I'm simulating a cargo truck, so I set up the mass of the vehicle to 8,000kg, and left the wheel's mass in the default 20kg, with that setup no matter how much brakeTorque you apply it's always as if you push the brake pedal to the metal. With you advice I started playing with the mass of the vehicle, with a mass between 1,000kg and 3,000kg the truck slows down proportionally to the applied brakeTorque... if I set the truck's mass to 8,000kg and the wheel mass to 100kg, then the vehicle behaves as expected...

I think what happens is that, a small wheel mass on a heavy vehicle causes the wheels to fully stop with a minimum brakeTorque, which causes maximum friction with the floor, and this is equivalent to step in the brake pedal with all your strength. Am I right?... I'm not sure this is the way real wheels behave.
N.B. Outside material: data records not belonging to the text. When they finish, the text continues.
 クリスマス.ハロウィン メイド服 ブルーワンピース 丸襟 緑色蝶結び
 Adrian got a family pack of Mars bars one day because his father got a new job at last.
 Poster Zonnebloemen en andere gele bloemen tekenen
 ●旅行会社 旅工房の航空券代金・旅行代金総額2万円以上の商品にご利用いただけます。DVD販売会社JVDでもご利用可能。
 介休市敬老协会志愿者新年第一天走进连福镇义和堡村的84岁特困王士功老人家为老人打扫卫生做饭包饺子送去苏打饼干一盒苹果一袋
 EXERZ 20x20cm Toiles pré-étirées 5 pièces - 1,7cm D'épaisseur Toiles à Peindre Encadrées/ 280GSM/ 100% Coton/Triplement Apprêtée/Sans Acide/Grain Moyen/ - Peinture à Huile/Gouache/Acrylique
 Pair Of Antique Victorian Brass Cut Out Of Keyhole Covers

Probably some time latter in the development of my project, the truck will need to carry some cargo, this dependency of the wheel mass based on the vehicle's mass may imply a problem... Is there a formula to calculate the wheel mass based on the vehicle's mass or should I figure it out empirically?

 

This sounds like either a physx bug or maybe truck wheels do weigh a fair bit more. I know the man with the answer though and it's @Edy - perhaps shoot him a PM for some advice here. He does love bigger vehicles

 

I think it's a PhysX issue due to the bad implementation of the wheel, which exhibits numeric instabilities and side effects easily under some common combinations of parameters.

Don't expect the WheelCollider to always behave in a realistic way. Personally I have been unable to find any logic on the WheelCollider's torques and forces (I ended implementing my own solutions). But I've found that some values have great effect in the WheelCollider stability. This is the case of the suspension dampers for example, and according to your comments I can guess that the wheel mass has a big influence as well.
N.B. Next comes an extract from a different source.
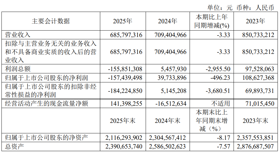 中证智能财讯复旦张江(688505)3月31日披露2025年年度报告。2025年,公司实现营业总收入6.86亿元,同比下降3.33%;归母净利润亏损1.57亿元,上年同期盈利3973.39万元;扣非净利润亏损1.84亿元,上年同期盈利514.52万元;经营活动产生的现金流量净额为1.41亿元,上年同期为-1651.26万元;报告期内,复旦张江基本每股收益为-0.15元,加权平均净资产收益率为-7.12%。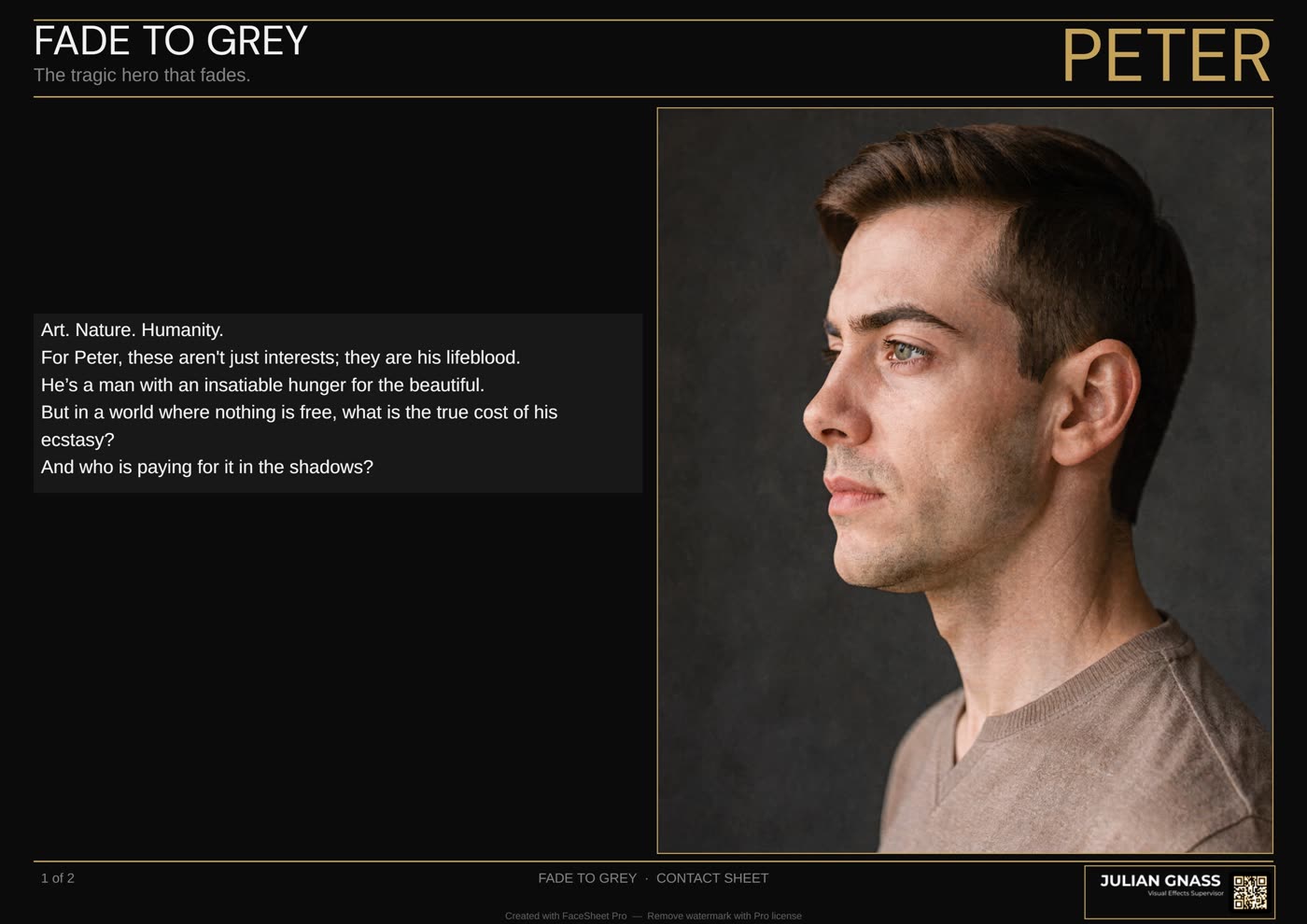 Actors, assets, characters for games, concept art, environments, VFX shots, holiday photos — anything with images that deserves a beautiful layout. Pick a template, drop them in, export at 300 DPI. Done.

A couple of workarounds for you to try:

• Keep the wheel mass related to the vehicle mass. For instance, set "wheel.mass = rigidbody.mass * someFactor" instead of assigning an absolute value. You might then experiment with someFactor starting at 0.01. The WheelCollider.mass value has little effect in the physic simulation (wheels don't "weight", their masses don't sum to the vehicle's mass), but a big influence in the numeric stability.
• Increase the number of substeps via WheelCollider.ConfigureVehicleSubsteps. The drawback here is that any number other than 1 adversely affects the suspension: effective spring rates seem to change, and WheelHit.force reports wrong forces (the sum of all forces doesn't match the vehicle's weight). You should consider whether having more substeps pays off these drawbacks.

Some tech insights:

In a typical wheel simulation the wheel mass is used to calculate the wheel's inertia and angular velocity (as angular velocity = angular momentum / inertia). A good implementation accounts for all torques, tire friction, tire forces, etc. in a way that even low wheel masses respond correctly to the torques applied. However, it seems that in PhysX the tire friction and forces are not included in the calculations correctly. This would explain the effect you observe with low wheel masses: the brake torque causes a change in the angular momentum -> the small mass-inertia causes a large change in the angular velocity -> such large change while braking causes the wheel to fully stop.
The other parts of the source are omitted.